Excellence is a talent or quality which is unusually good and so surpasses ordinary standards. It is also used as a standard of performance.
Here in Scotland we have an amazing thing. It is called the “Curriculum for Excellence” and it truly fits that description above. Oh, no, wait… I’m talking bollocks. It is a steaming pile, it stinks and it has so few details it beggars belief.
We have known CfE (as it is more commonly known, since saying it in full each time you need to takes far too long) was coming for some time, we just didn’t know what form it would take. Now that the information has arrived through the post I can say with some confidence that we still haven’t a bloody clue and it will impact on our Eldest in 2 years.
I’m no stranger to change in education. GCSEs hit the decks the year before I started studying, so I was the 2nd year to do them instead of O-levels. My eldest will be in the first year to do whatever the hell the new system brings.
So… Under CfE there are, apparently, 2 main phases of education – S1-3, the “Broad General Education” and S4-6, the “Senior Phase”. Where anyone in the normal end of the planet would be studying GCSEs and then A-levels, Scotland just has to be different… In the Senior Phase, pupils will have the “opportunities to achieve a range of qualifications from National 1 to National 5, Highers, Advanced Highers and the Scottish Baccalaureate.” So that’s nice and clear for both students, universities and employers, isn’t it? “Employer: Do you have GCSE English? Student: No, but I have National 3 in Languages. Employer: WTF?” Likewise when considering a career in, for example, Medicine at an eminent English university, how do you convince the university in question that what you’ve got is a real qualification and not something you’ve made up on the spot?

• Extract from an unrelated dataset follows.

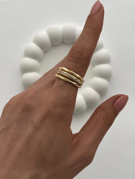 NS-Üçgen Taşlı Tasarım Ayarlanabilir Gümüş Yüzük
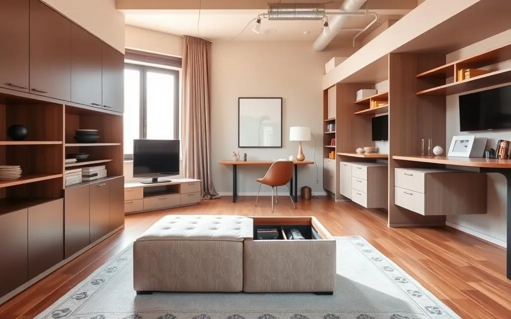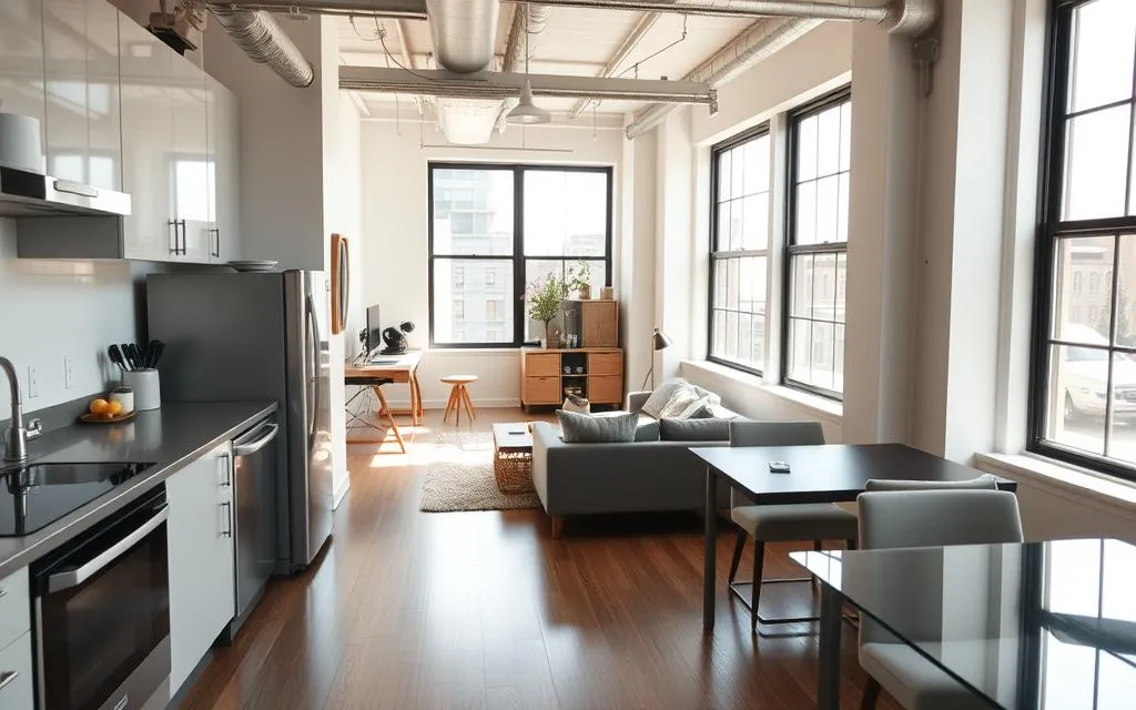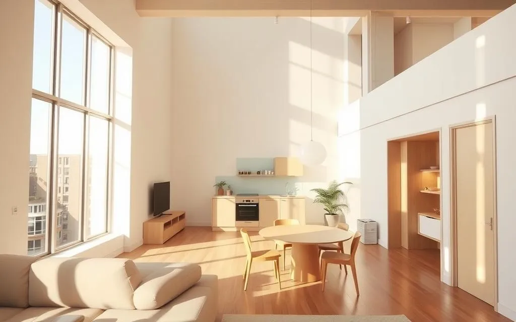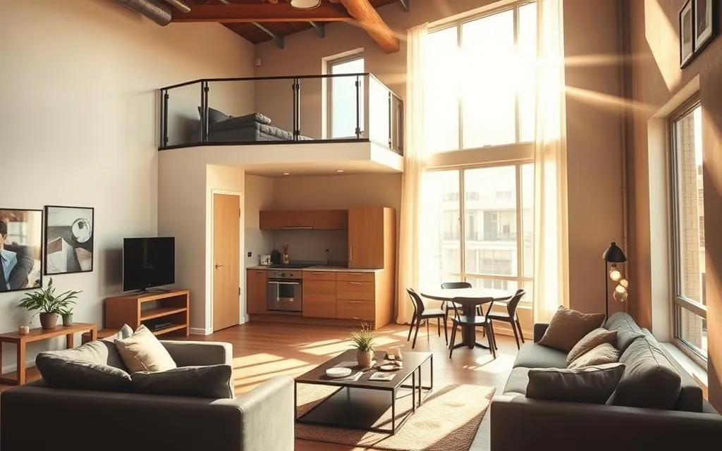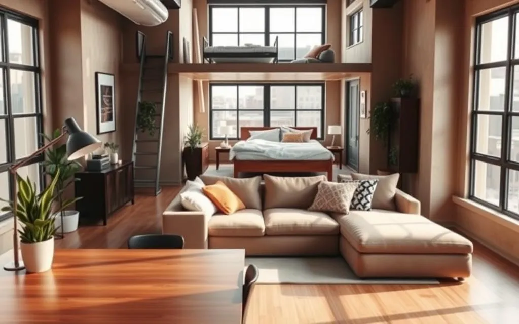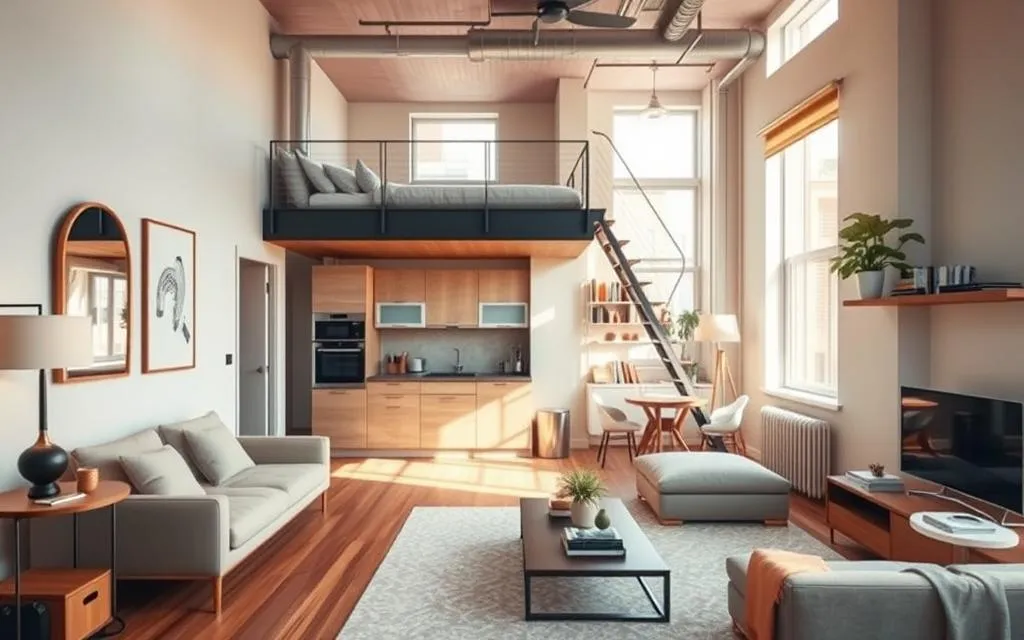 O design inteligente em lofts pequenos é essencial. Ele cria ambientes bonitos e funcionais. A ideia é usar cada metro quadrado de forma inovadora.

We have no details about how many subjects pupils will study, what range of subjects can be chosen and to what level. None. I know, from a conversation with our head teacher when we raised the subject of studying all 3 sciences, that across Scotland local authorities are deciding whether pupils should study 6, 7 or 8 subjects in the “Senior Phase”. That’s a lot less than I took at GCSE and if they aim for the lowest, only 2 more than I took at A-level!

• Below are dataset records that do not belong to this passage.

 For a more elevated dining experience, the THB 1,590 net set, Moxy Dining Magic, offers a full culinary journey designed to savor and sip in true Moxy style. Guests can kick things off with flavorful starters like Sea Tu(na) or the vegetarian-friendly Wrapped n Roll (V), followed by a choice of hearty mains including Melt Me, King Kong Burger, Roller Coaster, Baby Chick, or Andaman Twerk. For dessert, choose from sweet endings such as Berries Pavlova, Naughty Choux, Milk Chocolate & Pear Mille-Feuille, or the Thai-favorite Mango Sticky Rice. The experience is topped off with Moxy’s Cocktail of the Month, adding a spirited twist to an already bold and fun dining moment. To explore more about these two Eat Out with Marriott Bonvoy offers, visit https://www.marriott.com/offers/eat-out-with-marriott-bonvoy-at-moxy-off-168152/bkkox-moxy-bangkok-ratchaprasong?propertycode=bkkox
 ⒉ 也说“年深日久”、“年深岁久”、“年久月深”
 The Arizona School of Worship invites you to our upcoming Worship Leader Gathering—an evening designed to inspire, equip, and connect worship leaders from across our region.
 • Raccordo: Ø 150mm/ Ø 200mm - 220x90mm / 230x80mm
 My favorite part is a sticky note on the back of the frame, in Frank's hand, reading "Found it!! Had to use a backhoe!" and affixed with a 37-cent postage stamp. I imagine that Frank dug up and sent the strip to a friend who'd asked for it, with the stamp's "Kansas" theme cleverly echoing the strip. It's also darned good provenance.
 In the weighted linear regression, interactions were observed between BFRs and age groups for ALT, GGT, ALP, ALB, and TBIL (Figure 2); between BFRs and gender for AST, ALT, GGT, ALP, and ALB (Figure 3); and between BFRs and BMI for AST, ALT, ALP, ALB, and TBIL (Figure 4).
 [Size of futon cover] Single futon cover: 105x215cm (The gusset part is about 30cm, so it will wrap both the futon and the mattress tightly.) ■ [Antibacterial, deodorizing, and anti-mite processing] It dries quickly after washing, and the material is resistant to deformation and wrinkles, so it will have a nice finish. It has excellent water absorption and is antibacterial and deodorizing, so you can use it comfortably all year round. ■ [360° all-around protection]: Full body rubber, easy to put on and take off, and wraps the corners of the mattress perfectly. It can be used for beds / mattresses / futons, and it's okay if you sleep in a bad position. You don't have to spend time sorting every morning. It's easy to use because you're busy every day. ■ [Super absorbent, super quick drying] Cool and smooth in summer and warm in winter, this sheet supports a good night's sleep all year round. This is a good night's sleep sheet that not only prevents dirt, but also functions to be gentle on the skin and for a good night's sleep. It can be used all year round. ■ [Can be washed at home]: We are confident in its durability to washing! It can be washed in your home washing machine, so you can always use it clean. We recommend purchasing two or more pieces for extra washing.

We’re now having to search for more details when none appear to be there. We’re also seriously considering boarding our eldest somewhere where the education system actually makes some sense and hasn’t been arsed around with by committee so badly. And that brings into question our entire life here in Shetland.

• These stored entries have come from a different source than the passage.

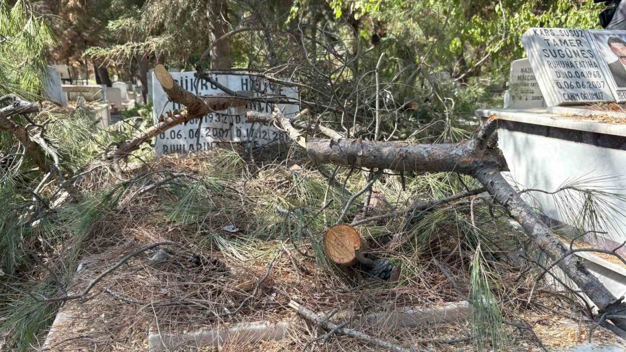 İzmir’in Buca ilçesindeki Kaynaklar Mezarlığı’nda yapılan ağaç budama çalışmaları sırasında, kontrolsüz bir şekilde kesilen dallar bazı mezarlara zarar verdi.
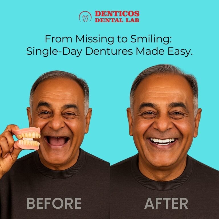 dedicated to empowering dentists and clinics with unmatched precision, quality, and speed. With 11+ years of expertise and strong partnerships with over 100 dental clinics, we specialize in crafting world-class prosthetics, including Single Day Dentures, crowns, bridges, and implant-supported restorations. Our state-of-the-art lab blends cutting-edge technology with expert craftsmanship to deliver accurate, durable, and reliable dental solutions that enhance patient satisfaction. At Denticos, we understand that time and efficiency matter—for both dentists and patients—which is why we ensure faster turnarounds without compromising on quality. With 10,000+ happy smiles delivered and a 4.9-star rating, Denticos Dental Lab is your dependable B2B partner, helping dental professionals achieve excellence, consistency, and value in every product.
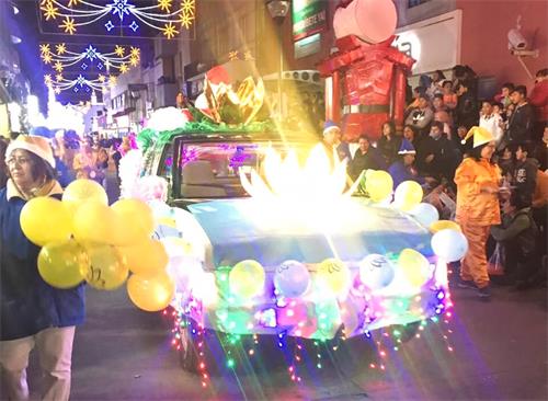 该市一年一度的圣诞节活动被称为“市政厅的梦想”,今年有超过三万墨西哥民众参加了庆祝活动。这是墨西哥法轮功学员首次参加这个游行。参加游行的学员来自墨西哥城、特拉斯卡拉州和普埃布拉州。

Scotland appears to be aiming to make Scottish pupils unemployable outside of Scotland – imagine the sheer effort of trying to decipher what the qualifications a candidate has. By changing the systems so much it is effectively trapping this generation of learners in Scotland. The SNP really don’t like their own people, do they?
I’d love to hear from anyone with experience of how the CfE is being implemented in practice elsewhere in Scotland. Positive or negative, I’m easy either way. Hell, I’d love it if someone could lay all these fears to rest and prove to me that my misgivings about this are completely unfounded. Leave it all in the comments, if you’d be so kind.
One response to “Curriculum for What?”
There really are some idiots running the education systems in the UK aren’t there? 6 subjects at the equivalent to GCSE level is crazy, so limiting at such an early age when you’re still in full time education.
I have a long time until I need to worry about these things so I hope someone figures out a good answer by then.